Every Tuesday and Thursday night I make the kind of walk college students
across the country dread. It is a mile-long hike up a busy street to a
hated class; straight up hill- a bigger workout then you will ever receive
at the gym perched on top, looking over the city. The street is
homeless-central, and in the beginning of the school year, when it was
warm and the scent of new pencils and books filled the air, I would pass
one, maybe two homeless people each block. After months of this, same
night, same time, same people, you start to recognize them and they you.
It becomes a comfort; just like passing the same bookstore means I am half
way home on the way down in the early night. The bald man in army
fatigues and sneakers with holey toes on the corner of 5th and Oakland
means I am ¼ of the way to my class at the top of the hill.
When my lungs are about to burst, I take a break next to a building, pull
out my water bottle and smile at the person sitting on the ground next to
me. Sometimes this starts a conversation, a life story, and sometimes
the man or woman just frown and look away. Occasionally they do not even
seem to notice me, rocking and humming to their own beat. But the
stories! The misconception about homeless people is they are alcoholics
or druggies or that they are running from the law. I certainly have
avoided my share of people who look sketchy, who do not come across as
stable. For the most part though, the regulars are down on their luck,
maybe for several years now. She lost her job at McDonalds and the kids
grew up and moved away, so why get a regular job now? It is just her- all
alone- and she feels okay living this way.
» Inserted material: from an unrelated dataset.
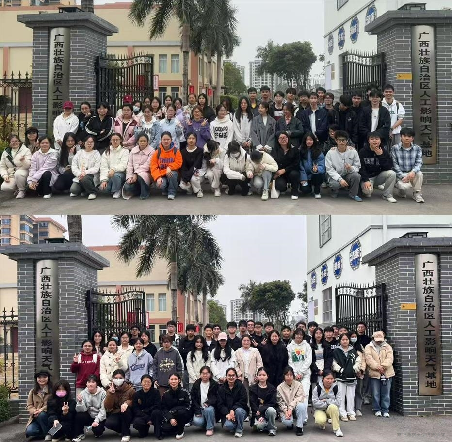“气象万千,气候攸关”。我院师生在广西人工影响天气办公室先后参观了人工影响天气的科普园、人影基地科普馆,认真学习人工增雨、防雹等的原理、方法以及在实际应用中的重要作用和学习人工增雨设备的发展历程、气象作业装备、体验人工增雨作业装备的规范化操作,直观感受人工增雨作业的全过程。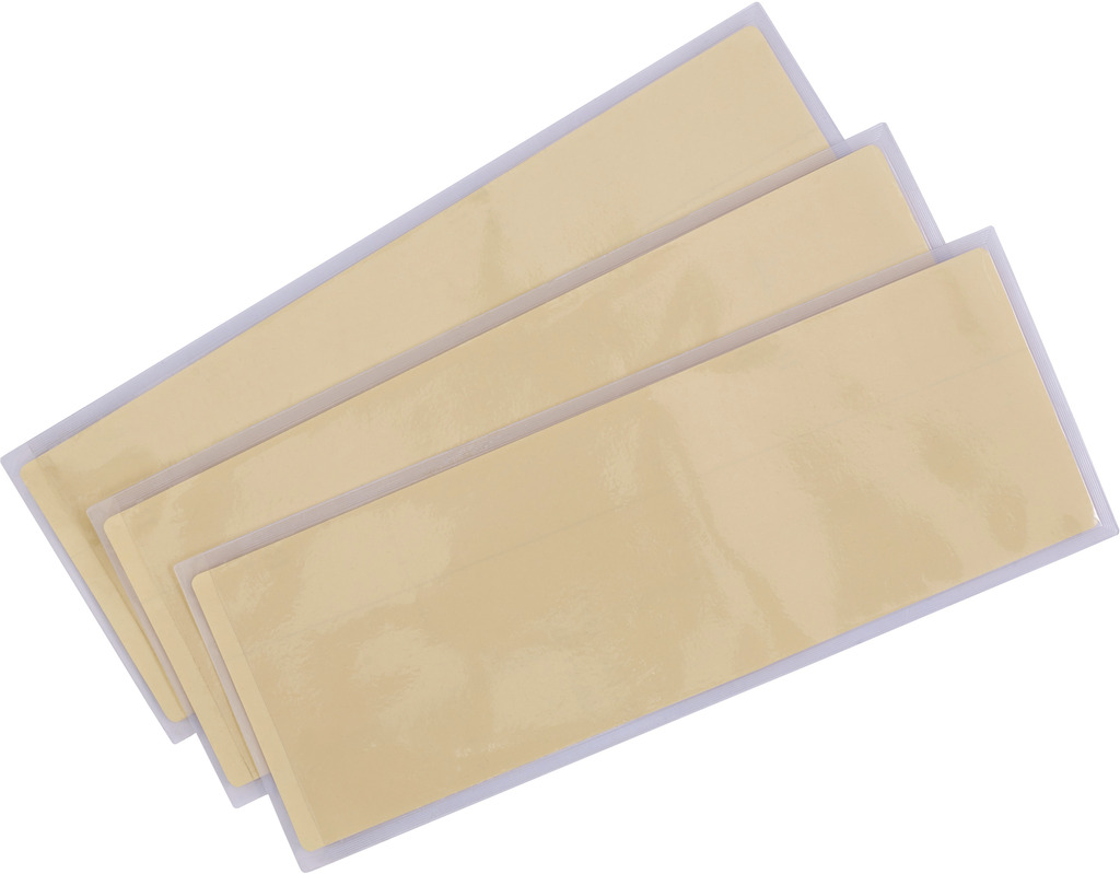 Porta-cartões termocolado resistente e impermeável. Aplicação através de uma simples operação termocolada (130 °C durante 10 segundos). De acordo com o tamanho, para cartões com, no máximo, 300 x 100 mm. Lavável a 60 °C.

Lately I have noticed an increase in the homeless people. As a rule, I
do not hand out money. I am in college, and although it is a public
institute and much more reasonable then many other universities, some
weeks I don’t even have enough quarters to do my laundry. When there are
$600 worth of books you have to purchase each semester, donating monetary
funds is not an option.
However, there are many things I can give. I am a great listener if you
want to tell me your story when you sit beside me on the bus. When I
occasionally I eat out, I always hand my leftovers to the person who looks
a little hungry. But is that enough? In this land of opportunity, where
people from other countries attend public American colleges on scholarship
and we send food to Africa with the regularity of the rising sun, how is
it that people are still hungry, still homeless, still illiterate, still
needy on our own streets? When will we learn that, like my mommy taught
me, you cannot criticize another until you yourself are perfect? And oh
America the Beautiful, you are far from perfect.
I believe in the goodness of people, which is why the government baffles
me. This trillion-dollar bail out? Who does this help? No one I know
personally is receiving any type of stimulus, and why should we feed money
to those who ran what they had into the ground? Take responsibility! You
have to help yourself before I can help you, because if you do not want to
be helped, then you have no hope.
As I sit at my desk in my warm apartment, I can see a man scavenging in
the garbage behind the College of Business Administration. Somewhere I
cannot see there are babies who are cold tonight, and a ten-year-old who
just wants a home. For every time I have been unsure if the $25000 a year
are worth it, times like this show why I am in college, why I am helping
myself get an education, why the late nights, thousands of dollars, and
peanut-butter sandwiches are worth it. Our country is so beautiful, from
the Jersey shore where I was born, the cornfields of central PA where I
grew up, and the valleys of California my aunt and uncle call home. Every
time I see a sunset I am still amazed, and every time I watch the 5PM news
my heart breaks. If we can’t help ourselves, believe in and hope for us,
for the people who care, then we can never help the world. And right now,
the world needs as much help as it can get.